I'm curious too, what this patch is for ?

LoRd_MuldeR
14th April 2010, 12:45
I'm curious too, what this patch is for ?

I think currently x264 creates a new "encoder" thread for each frame and destroys that thread once the frame has been encoded. Creating and destroying threads has some overhead. The idea of having a "pool of threads" is: Created a certain number of threads once and re-use those threads over and over again. If you need a thread to run a task, you simply pick an idle thread from the pool (or wait for one to become idle). And if the thread has done its work (i.e. completed the task), it returns to the pool and waits for a new task to run. This could give some speed-up, because the thread creation/destruction overhead is avoided. But I have no numbers for x264. I assume if the thread pool really gave a significant speed-up, it would have been committed already. This patch is floating around for a long time now...

http://en.wikipedia.org/wiki/Thread_pool

rack04
14th April 2010, 15:43
H.264 decoding benefits hugely in ffmpeg-mt, especially when one tries to do high speed transcoding (i.e. 20x realtime for SD). Removing the decoder bottleneck lets x264 itself run as quickly as it can ;)

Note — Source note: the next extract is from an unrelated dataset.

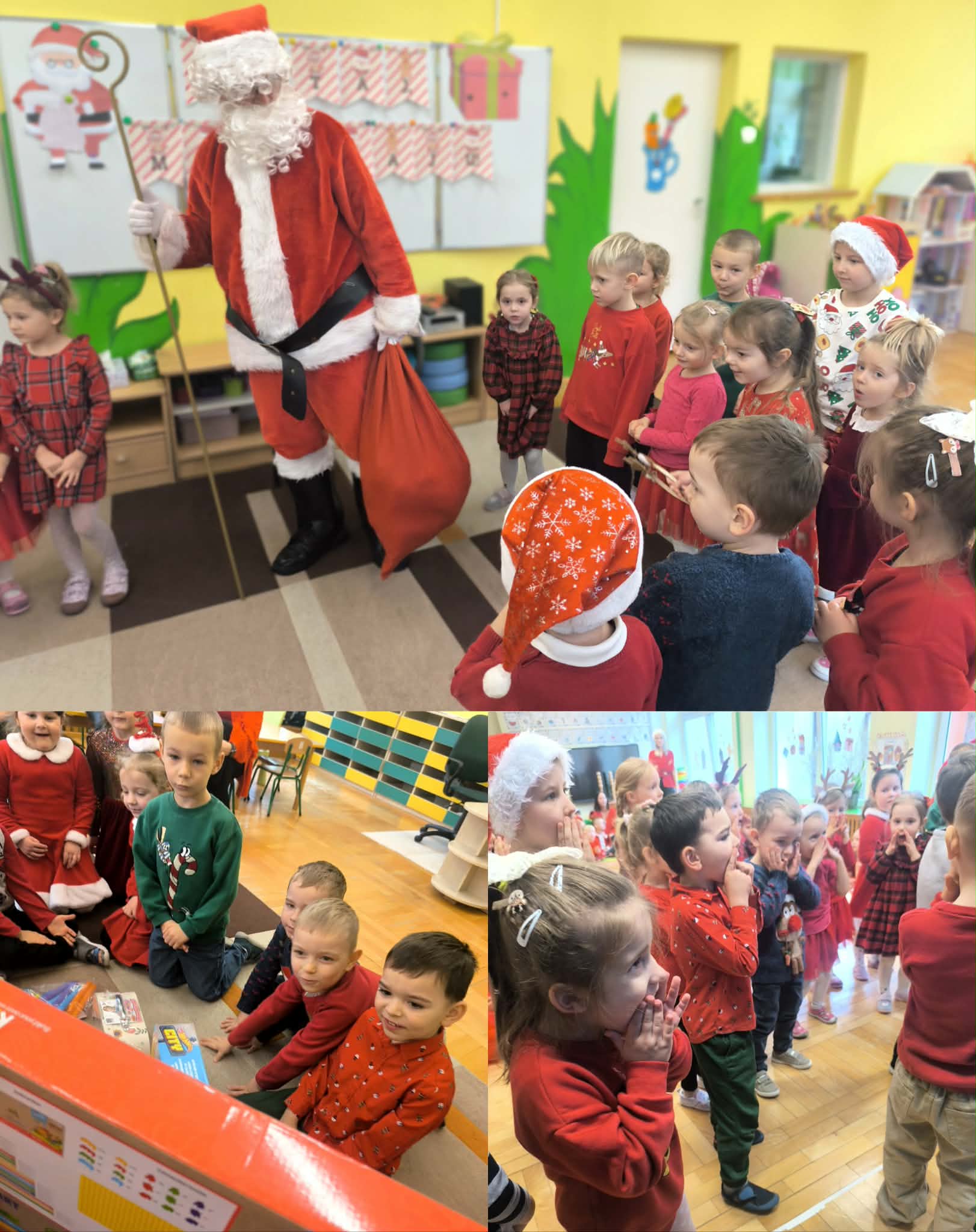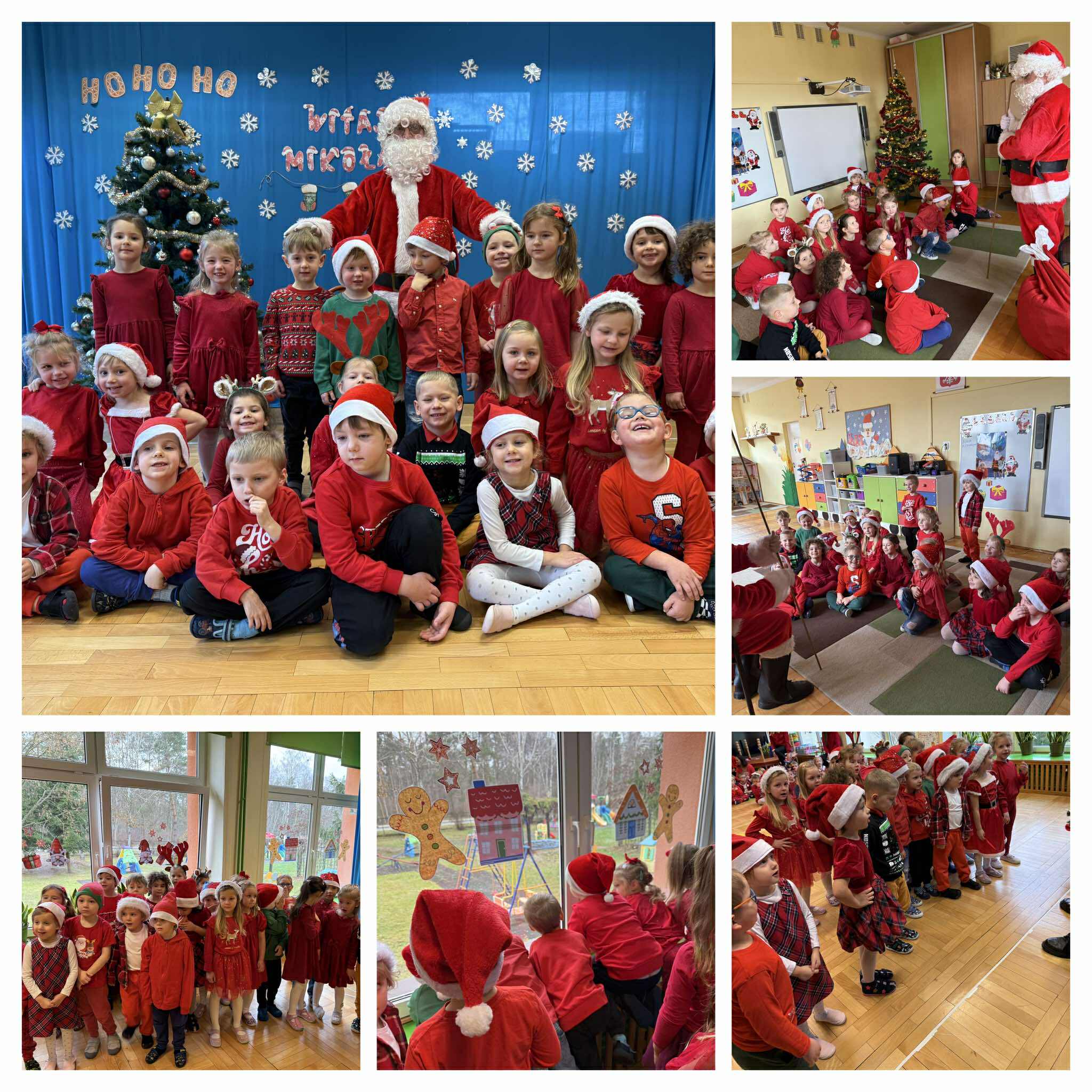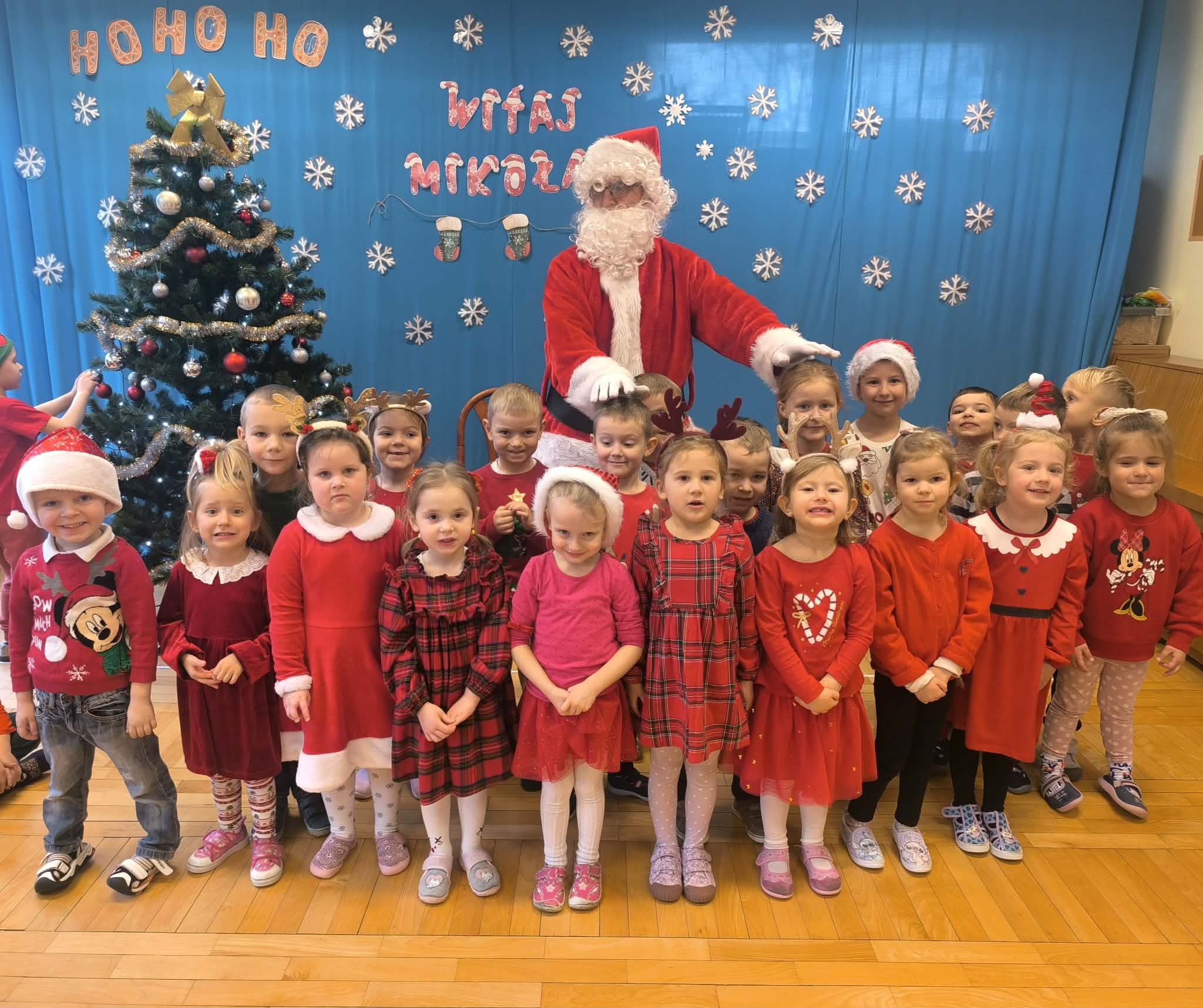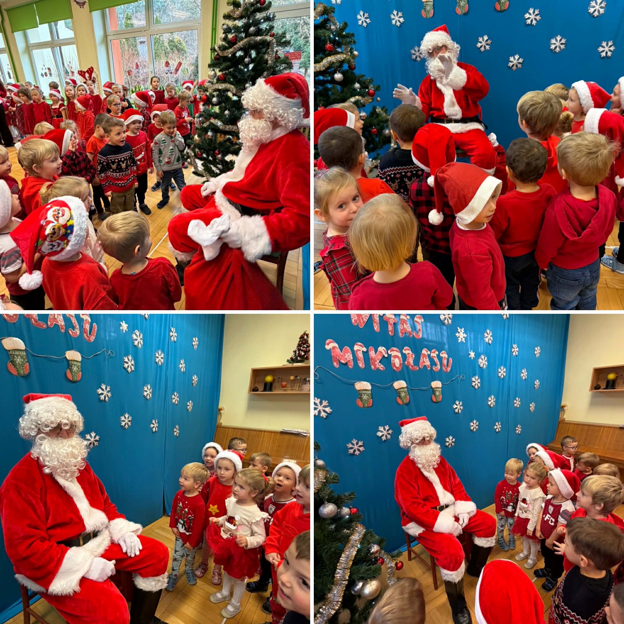 Na początku dnia do naszego przedszkola przybył Święty Mikołaj, na którego dzieci czekały z wielkim przejęciem. Każda z grup zaprezentowała Mikołajowi przygotowaną piosenkę i wierszyk. Po występach Mikołaj odwiedził każdą salę, aby porozmawiać z dziećmi i wręczyć im prezenty. Po rozdaniu upominków Mikołaj ruszył w dalszą drogę, pozostawiając w przedszkolu wiele uśmiechów i wspaniałą atmosferę Chwilę później do grup zawitały również Pani Mikołajowa i Elf, które odwiedziły wszystkie dzieci, wprowadzając jeszcze więcej świątecznego ciepła i radości. To był wyjątkowy dzień, pełen magii i niezapomnianych chwil!

My experience is in using ffms2 with and without ffmpeg-mt. I saw MASSIVE speedup in cases as I've described.

~MiSfit

In the test that I just performed I noticed faster speeds without ffmpeg-mt, 6.04 fps vs 5.96 fps.

Atak_Snajpera
14th April 2010, 16:02
6.04 fps vs 5.96 fps.
whole 1% :) ffmpeg-mt is very usefull when you encode BD or any AVC-HD source to PSP (480x272), iphone and so on

rack04
14th April 2010, 16:08
whole 1% :) ffmpeg-mt is very usefull when you encode BD or any AVC-HD source to PSP (480x272), iphone and so on

All I was trying to convey is that in my limited testing ffmpeg-mt and ffms2-mt decoding as a x264 input method doesn't seem to benefit from the multithreading. The source in my test was a Blu-ray Disc. However, your point about the benefits of resizing is a non issue since lavf/ffms as a x264 input method doesn't support resizing, cropping, or padding yet.

roozhou
14th April 2010, 16:17
whole 1% :) ffmpeg-mt is very usefull when you encode BD or any AVC-HD source to PSP (480x272), iphone and so on
How do you accomplish this with x264's internal lavf or ffms?
I would rather do it with ffdshow. The decoder and the resizer will run in separate threads.